Localizada em uma altitude intermediária, a 950 metros de altitude, a Fazenda Campo Belo conta com muita insolação, clima seco, sem influência do mar, e uma grande diferença de temperaturas entre dia e noite. “Aqui conseguimos um amadurecimento completo das uvas. Os taninos são mais redondos e delicados, não precisamos de tantos anos de guarda para o vinho ficar pronto. E como o vinhedo mais distante fica a menos de um quilômetro da vinícola, preservamos a qualidade da maioria dos frutos”, analisa um dos enólogos da Abreu Garcia, Leonardo Ferrari.

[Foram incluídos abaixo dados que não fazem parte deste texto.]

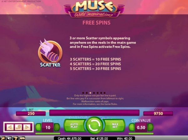 При выпадении символа Wild ("муза") она заменит в выигрышной линии картинки на недостающие, если это необходимо. Замене подлежат все картинки, кроме другого бонусного изображения - Scatter ("сандалии с крылышками").

O foco em produzir pouca quantidade com alta qualidade obteve reconhecimento máximo em 2018, quando a Abreu Garcia recebeu três medalhas de ouro no Concurso Mundial de Bruxelas, na Bélgica, com um Malbec, um Chardonnay e um Sauvignon Blanc. Mas o fundador da vinícola pondera que o vinho brasileiro de qualidade ainda está longe do reconhecimento merecido dentro do mercado interno. “O consumidor brasileiro até tem acreditado mais no vinho nacional, mas ele precisa de mais oportunidades para prová-lo. Para isso, algo essencial é torná-lo mais acessível – daí a nossa luta para diminuir a carga tributária do nosso produto”, considera Garcia.

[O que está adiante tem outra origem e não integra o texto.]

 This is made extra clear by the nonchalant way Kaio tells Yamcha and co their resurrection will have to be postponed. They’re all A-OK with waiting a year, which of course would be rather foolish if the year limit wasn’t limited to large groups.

Se as vinícolas costumam se localizar em ambientes rurais para se beneficiar do clima, o mesmo não é mais necessário para uma cervejaria moderna, que conta com tecnologia para deixar a água usada na fabricação com as características minerais que desejar. Mas a Lohn Bier aproveita sua localização, ao pé da Serra do Rio do Rastro, para puxar água quase perfeita para as receitas do mestre-cervejeiro de um bolsão superficial que fica a menos de 200 metros da fábrica. “Temos uma água muito boa, precisamos fazer poucos ajustes nela. E como usamos cerca de oito litros de água para cada litro de cerveja produzida, é um insumo importante, que impacta nos custos e na qualidade da nossa cerveja”, explica Brighenti. A localização é tão importante que a Serra está ali, estampada no logotipo da cervejaria. “O único problema é a mão de obra, que precisa vir de fora ou ser desenvolvida pela própria empresa”, afirma.

pH neutro

Com menos de dez funcionários, a Kalvelage não sofre tanto com esta questão. Inclusive, só entra na fábrica quem realmente precisa. “Passamos quatro anos pesquisando grandes empresas do ramo e criamos equipamentos e uma linha de produção próprios, que podem ser copiados. Há uma tecnologia própria implantada, por isso o sigilo”, revela Maurício. A localização, no entanto, é essencial. “A água de Botuverá tem um pH ideal para nossos produtos. Uma cervejaria consegue usar água da rede e até mascarar defeitos com o malte e o lúpulo. Mas a vodca é uma bebida neutra e muito limpa, então não pode ter resíduos. Só a poluição do ar já prejudicaria muito sua qualidade”, explica o fundador da destilaria.

Os três empreendimentos também aproveitam a grife Santa Catarina para atestar a qualidade de seus produtos e movimentar o turismo. Em Lauro Müller, a Lohn Bier tem um pub anexo à fábrica, à beira da SC-390, rodovia famosa pelas curvas que descem a Serra do Rio do Rastro. Já a Kalvelage, diante do segredo de sua fábrica em Botuverá, prepara-se para abrir no Centro de Blumenau uma loja conceito, onde os visitantes poderão conhecer melhor a marca e comprar produtos exclusivos. A Abreu Garcia se vale de seus 10 hectares rurais para promover até casamentos e batizados, além de eventos gastronômicos e degustações ao ar livre. Participa também da Vindima de Altitude de Santa Catarina, que em 2019 reuniu 14 vinícolas da Serra Catarinense em um roteiro com visitações guiadas e harmonizações especiais. “Nosso estado tem um grande reconhecimento nacional: o brasileiro sabe que, quando algo vem daqui, é bom. É um fator que valoriza nosso produto”, analisa Ernani Garcia.